**WHAT YOU ARE ASKED TO DO**
Repeat exactly the lines that begin at the one containing "Grym kylning, trippelstackade" and end at the final line of the records; include no pictures and nothing else.

**INFORMATION**
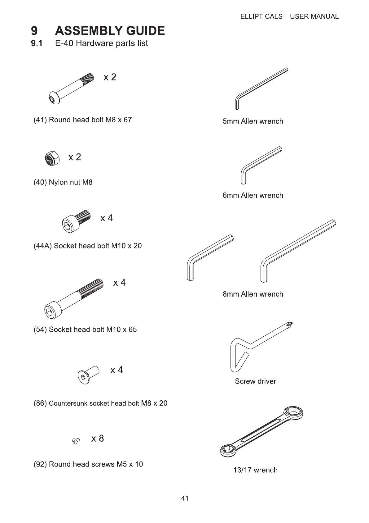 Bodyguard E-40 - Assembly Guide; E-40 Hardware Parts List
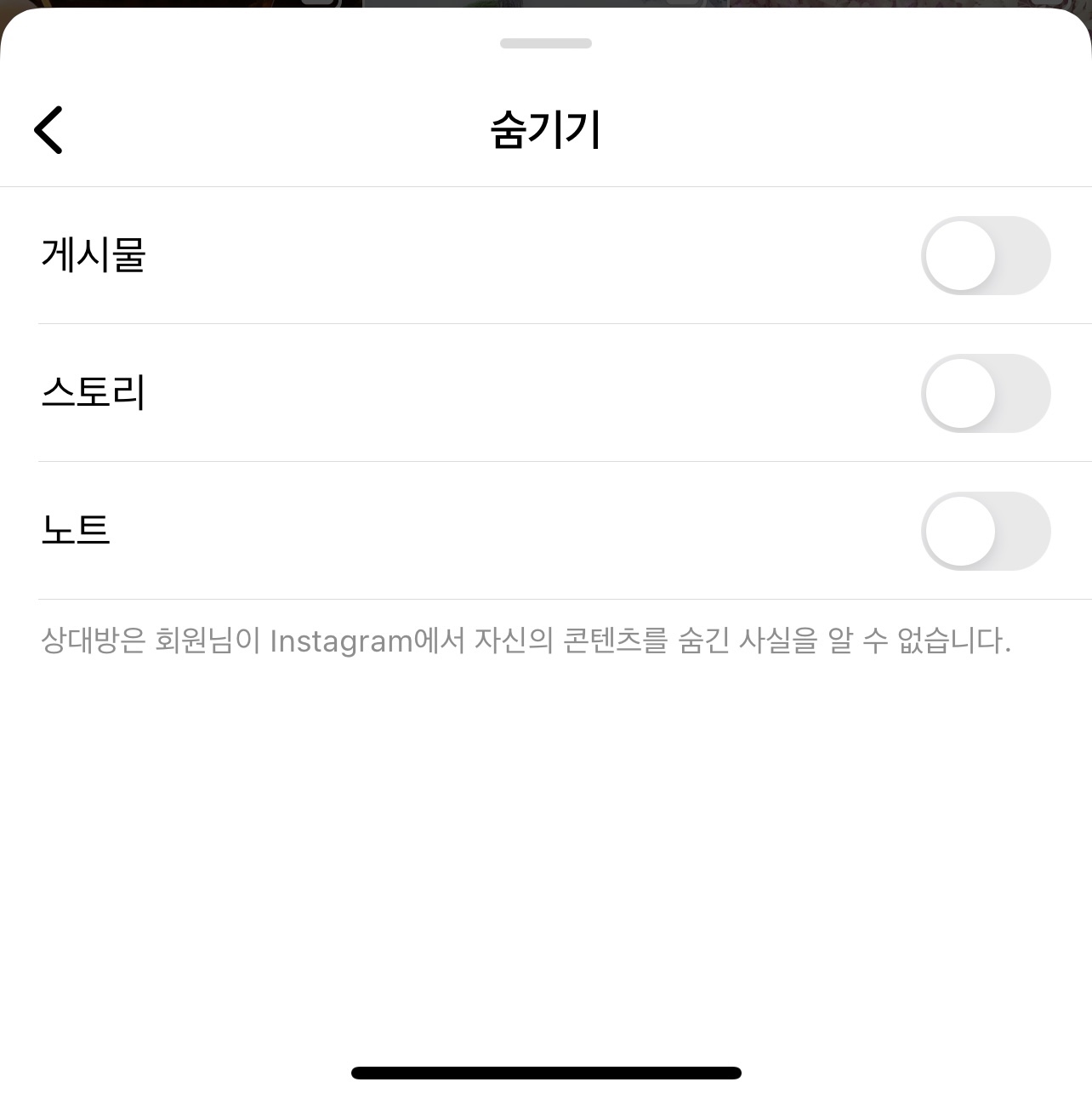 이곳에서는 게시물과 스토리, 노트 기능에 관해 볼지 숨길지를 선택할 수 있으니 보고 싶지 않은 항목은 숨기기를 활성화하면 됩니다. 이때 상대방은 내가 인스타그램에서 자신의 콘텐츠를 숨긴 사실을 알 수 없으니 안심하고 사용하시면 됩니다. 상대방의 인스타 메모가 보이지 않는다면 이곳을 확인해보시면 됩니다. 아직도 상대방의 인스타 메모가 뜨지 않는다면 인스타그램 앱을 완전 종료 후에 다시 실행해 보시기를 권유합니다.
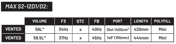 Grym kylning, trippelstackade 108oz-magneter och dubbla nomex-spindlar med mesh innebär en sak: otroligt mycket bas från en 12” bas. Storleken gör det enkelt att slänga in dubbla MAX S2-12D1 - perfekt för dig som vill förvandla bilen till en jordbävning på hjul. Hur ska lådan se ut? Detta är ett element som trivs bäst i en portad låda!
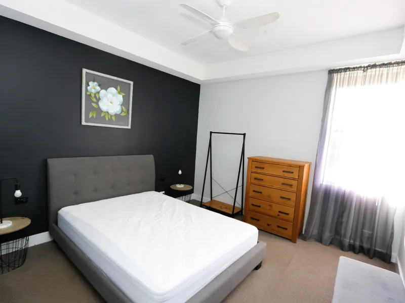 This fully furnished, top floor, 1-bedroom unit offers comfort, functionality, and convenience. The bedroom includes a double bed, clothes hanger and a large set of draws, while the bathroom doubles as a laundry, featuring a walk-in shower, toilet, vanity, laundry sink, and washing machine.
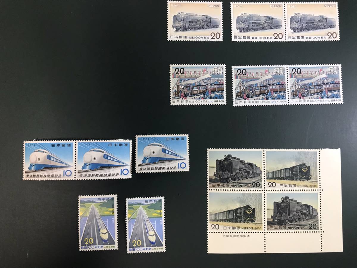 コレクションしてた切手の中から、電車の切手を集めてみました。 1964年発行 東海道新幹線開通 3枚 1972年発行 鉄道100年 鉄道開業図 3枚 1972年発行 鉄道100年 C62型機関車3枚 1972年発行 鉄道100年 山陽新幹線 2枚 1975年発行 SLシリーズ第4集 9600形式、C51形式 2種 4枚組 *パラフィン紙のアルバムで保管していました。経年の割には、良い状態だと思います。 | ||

**RESULT FOR THIS EXERCISE**
 Grym kylning, trippelstackade 108oz-magneter och dubbla nomex-spindlar med mesh innebär en sak: otroligt mycket bas från en 12” bas. Storleken gör det enkelt att slänga in dubbla MAX S2-12D1 - perfekt för dig som vill förvandla bilen till en jordbävning på hjul. Hur ska lådan se ut? Detta är ett element som trivs bäst i en portad låda!
 This fully furnished, top floor, 1-bedroom unit offers comfort, functionality, and convenience. The bedroom includes a double bed, clothes hanger and a large set of draws, while the bathroom doubles as a laundry, featuring a walk-in shower, toilet, vanity, laundry sink, and washing machine.
 コレクションしてた切手の中から、電車の切手を集めてみました。 1964年発行 東海道新幹線開通 3枚 1972年発行 鉄道100年 鉄道開業図 3枚 1972年発行 鉄道100年 C62型機関車3枚 1972年発行 鉄道100年 山陽新幹線 2枚 1975年発行 SLシリーズ第4集 9600形式、C51形式 2種 4枚組 *パラフィン紙のアルバムで保管していました。経年の割には、良い状態だと思います。 | ||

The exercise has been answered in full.